Concord General Mutual Insurance Co. v. McLain

270 A.2d 362, 1970 Me. LEXIS 310
CourtSupreme Judicial Court of Maine
DecidedNovember 3, 1970
StatusPublished
Cited by5 cases

This text of 270 A.2d 362 (Concord General Mutual Insurance Co. v. McLain) is published on Counsel Stack Legal Research, covering Supreme Judicial Court of Maine primary law. Counsel Stack provides free access to over 12 million legal documents including statutes, case law, regulations, and constitutions.

Bluebook
Concord General Mutual Insurance Co. v. McLain, 270 A.2d 362, 1970 Me. LEXIS 310 (Me. 1970).

Opinion

MARDEN, Justice.

On appeal from declaratory judgment in favor of plaintiff. One Lee was required to furnish proof of financial responsibility under the provisions of 29 M.R.S.A. § 781 et seq. 1 Plaintiff certified coverage of Lee by what is known as an “Operator’s” policy, “applicable to any non-owned vehicle,” which policy, effective March 13, 1969, carried an endorsement providing that “the insurance does not apply: (a) To any automobile owned by the named insured * * This coverage was accepted by the Secretary of State, who issued an unrestricted operator’s license.

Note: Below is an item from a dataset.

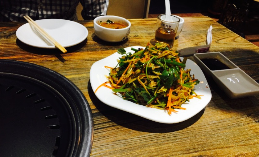 咸水沽一家不错的烤肉店,就在水岸华庭饭店一条街里面,有双人套餐,客人好多,装潢风格类似东北农家院,烤盘很大,就是吸烟烟鲜果不是很好,水煎牛肉肉质细嫩口感不错,都是提前腌制好的,里面还有洋葱之类的颜值配料,很有味儿,佐料是自助式的,根据自己口味调制,还有各种凉菜和粗粮主食。整体来说还可以,觉得性价比是挺高的吧。

On or about May 9, 1969 Lee purchased a truck, of which purchase the plaintiff was not notified, and while operating it, on or about May 17, 1969, was involved in an accident which caused personal injury to defendant McLain.

On September 3, 1969 McLain filed a complaint against Lee for personal injuries, pending which the plaintiff filed its complaint for declaratory judgment (14 M.R.S.A. §§ 5951-5963, inclusive) to determine its obligation, if any, under the reference policy. Decision of the single Justice, to whom the issue was submitted, held that plaintiff was not obligated and enjoined defendants from proceeding against plaintiff to reach and apply the proceeds of the policy in satisfaction of any judgment obtained by McLain or in indemnification of Lee for any amount paid by him in full or partial satisfaction of McLain’s claim. Appeal was taken by McLain.

The statement of points of appeal was in general terms alleging error on the part of the single Justice in reaching the conclusion recited above, and appellee raises a threshold question as to the sufficiency, under Rule 74(d) M.R.C.P. 2 , of the points of appeal, urging that lack of particularity requires that the appeal should be deemed waived. Frost v. Lucey, Me., 231 A.2d 441, [1-3] 445.

Inasmuch as the facts were not in dispute and were “fully covered by the pretrial memorandum and order and certain factual allegations in the complaint incorporated in the memorandum by reference” (Decree below), all of which was included in the designation of record on appeal, and the statement of points on appeal fairly disclosed the contentions of appellant, there is no cause to impose waiver sanctions.

It is conceded that resolution of the issue turns upon our statutes dealing with the subject. Briefly stated, the question is whether the Operator’s (nonowner’s) liability policy issued Lee, and tendered to the Secretary of State in compliance with *364 financial responsibility requirement, 3 complies with the statutory demand and, if not, whether its terms are extended by reason of the financial responsibility law to cover Lee as an owner.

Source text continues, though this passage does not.